Door Jan van Groesen

Hoe zou Nederland eruit zien als het geen deel van Europa had uitgemaakt? Het is een hypothetische vraag die niet gemakkelijk kan worden beantwoord. Want naar welk Nederland zoeken we dan: het geschiedkundige, het financieel-economische, het sociale, het culturele, het literaire? Of het Nederland dat zich met een zweem van ethiek en moralisme een gidsland wil betonen en dat het belerende vingertje ophoudt om anderen te kapittelen.

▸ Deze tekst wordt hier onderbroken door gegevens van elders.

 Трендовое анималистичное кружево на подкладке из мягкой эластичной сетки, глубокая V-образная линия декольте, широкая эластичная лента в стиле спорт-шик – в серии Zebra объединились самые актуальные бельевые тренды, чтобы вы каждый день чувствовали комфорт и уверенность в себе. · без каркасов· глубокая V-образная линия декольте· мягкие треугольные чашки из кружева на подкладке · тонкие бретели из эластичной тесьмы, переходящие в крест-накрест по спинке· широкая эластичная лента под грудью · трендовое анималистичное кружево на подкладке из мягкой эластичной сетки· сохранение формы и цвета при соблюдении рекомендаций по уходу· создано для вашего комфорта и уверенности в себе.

De laatste maanden kwam vaak het zuinige of zelfs het vrekkige Nederland in beeld.

Deze verhandeling wil proberen een antwoord te formuleren vanuit een Europese context die zo bepalend is geweest voor de ontwikkeling van Nederland sinds de tweede helft van de 20ste eeuw.

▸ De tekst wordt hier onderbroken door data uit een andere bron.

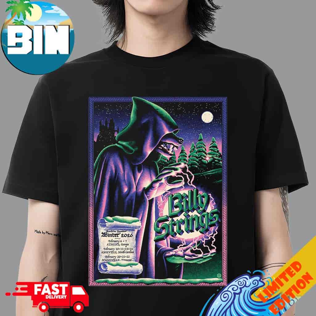 The Billy Strings Winter Tour February 2026 Art By Max Loeffler Unisex T-Shirt is an officially licensed piece of concert apparel designed for fans, music archivists, and collectors celebrating the artist’s extensive seasonal run. This high-quality garment features the exclusive tour artwork created by Max Loeffler, an illustrator renowned for his surrealist aesthetic and vintage-inspired textures that perfectly complement the experimental bluegrass sound of the Grammy Award-winning musician. The design prominently highlights the February 2026 tour dates, which include high-profile stops at venues such as the Akins Ford Arena in Athens, Georgia, and the ExploreAsheville.com Arena in North Carolina. Max Loeffler’s visual contributions for this tour cycle often utilize a sophisticated palette of muted earth tones and intricate, dreamlike silhouettes, reflecting the atmospheric and improvisational nature of a Billy Strings live performance. As a functional item of tour merchandise, the shirt is typically produced on a premium unisex chassis to ensure a comfortable fit for all attendees, serving as a wearable record of the 2026 winter circuit. This product is an ideal choice for gifting or personal acquisition, offering significant value as a keepsake from the sold-out shows that define this era of the artist’s career. By integrating verified geographic entities like Athens and Asheville into the broader tour context, the apparel provides a strong sense of place and time within the contemporary jam band scene. The print quality ensures that the fine details of the original poster art, from the stippled textures to the custom typography, remain sharp and durable through repeated wear. This t-shirt is more than just casual attire; it is a collectible item that captures the cultural synergy between the artist, the illustrator, and the historic music cities visited during the February residency. Whether worn at a future bluegrass festival or preserved as part of a curated collection, the Billy Strings Winter Tour 2026 shirt represents the professional standard of official artist merchandise. The seamless inclusion of Max Loeffler’s signature style alongside the specific temporal data of the tour ensures that this garment remains a definitive artifact of the artist’s musical journey through the American Southeast. Each shirt acts as a tangible connection to the vibrant community that follows Billy Strings, making it a staple for anyone looking to represent their support for modern acoustic music and visionary graphic art. This officially licensed item meets the high standards expected by the dedicated fan base, ensuring authenticity and artistic integrity in every thread.

Hoewel er veel boeiends te vertellen is over de periode teruggaand tot aan de tijd van de Republiek der Zeven Verenigde Nederlanden (1588-1795), en er in het huidige verhitte discours in Nederland vaak te pas en te onpas naar die tijd wordt teruggegrepen, wil ik hier als uitgangspunt het einde van de Tweede Wereldoorlog nemen.  Het is een logisch referentiekader voor het schilderen van een beeld van Nederland, een kantelpunt in de recente geschiedenis over de feiten waarvan niet veel onenigheid zal bestaan.

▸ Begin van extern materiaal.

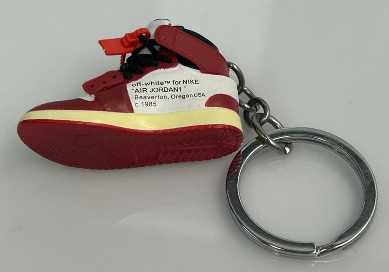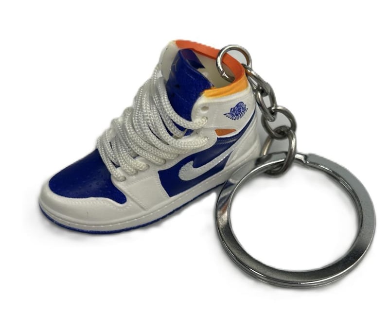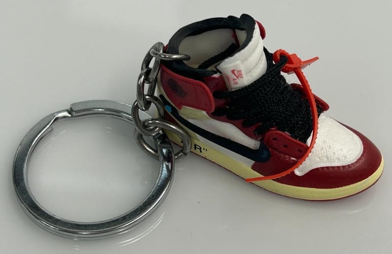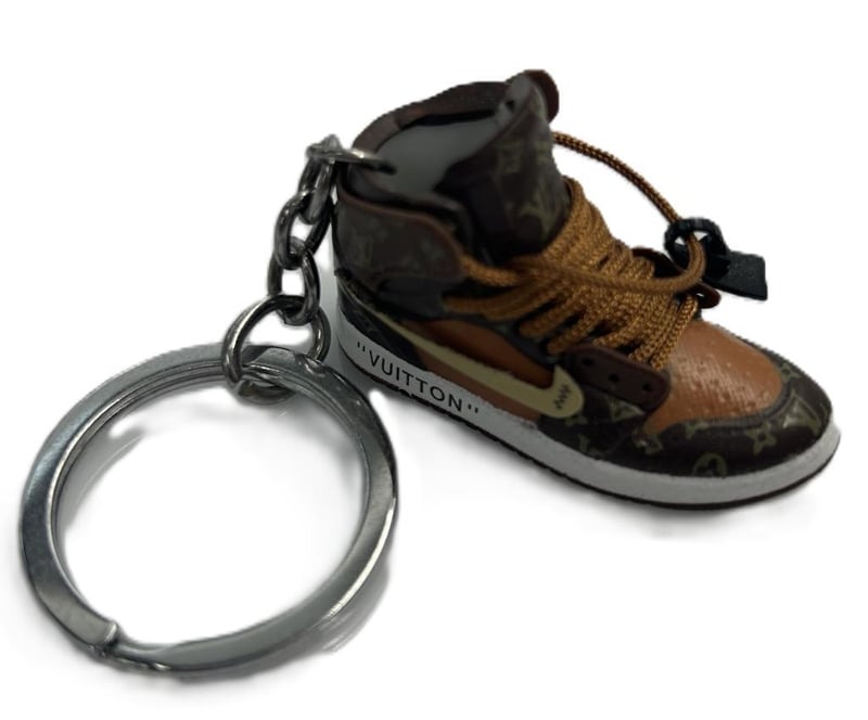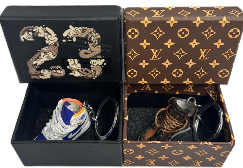 SET OF TWO SNEAKER KEYCHAINS IN MINIATURE BOXES — ONE JORDAN “23” BLUE/ORANGE DESIGN AND ONE LOUIS VUITTON MONOGRAM BROWN DESIGN. PRESENTED IN BRANDED GIFT BOXES WITH FOAM INSERTS.

Integriteit van het menselijk lichaam, gelijke behandeling, vrij zijn van vrees en gebrek, bescherming van de persoon en van zijn of haar privacy. Het waren deze rechten van de mens die in de nasleep van de barbaarse handelingen van de Tweede Wereldoorlog ondubbelzinnig prominentie kregen. Ze werden tot hoogste ideaal van de mensheid verheven om toekomstige generaties te behoeden voor de verschrikkingen van oorlog. Met het einde van WO II moest immers een tijdperk van 75 jaar worden afgesloten waarin Europa ernstig verminkt raakte door drie oorlogen, waarvan de wreedheid en onmenselijkheid hun weerga niet kenden.

Frankrijk en Duitsland

Het begon met de Frans-Duitse oorlog van 1870, die als directe opmaat geldt van de Eerste Wereldoorlog en indirect ook van de Tweede. De Frans-Duitse oorlog duurde weliswaar maar zeven maanden, maar hij was ongekend bloedig. Er vielen 200.000 doden en een half miljoen gewonden. De pijnlijkste oorlogshandeling was het Duitse bombardement van Straatsburg waarbij de stad, met zijn vele unieke historische gebouwen, bijna volledig in puin werd gelegd. De aartsbisschop van Straatsburg smeekte de Duitse bevelhebber om een staakt-het-vuren en de burgerbevolking stelde zelfs voor om de Duitse aanvalsleider 100.000 franc te betalen voor elke dag dat hij de stad niet beschoot, maar tevergeefs.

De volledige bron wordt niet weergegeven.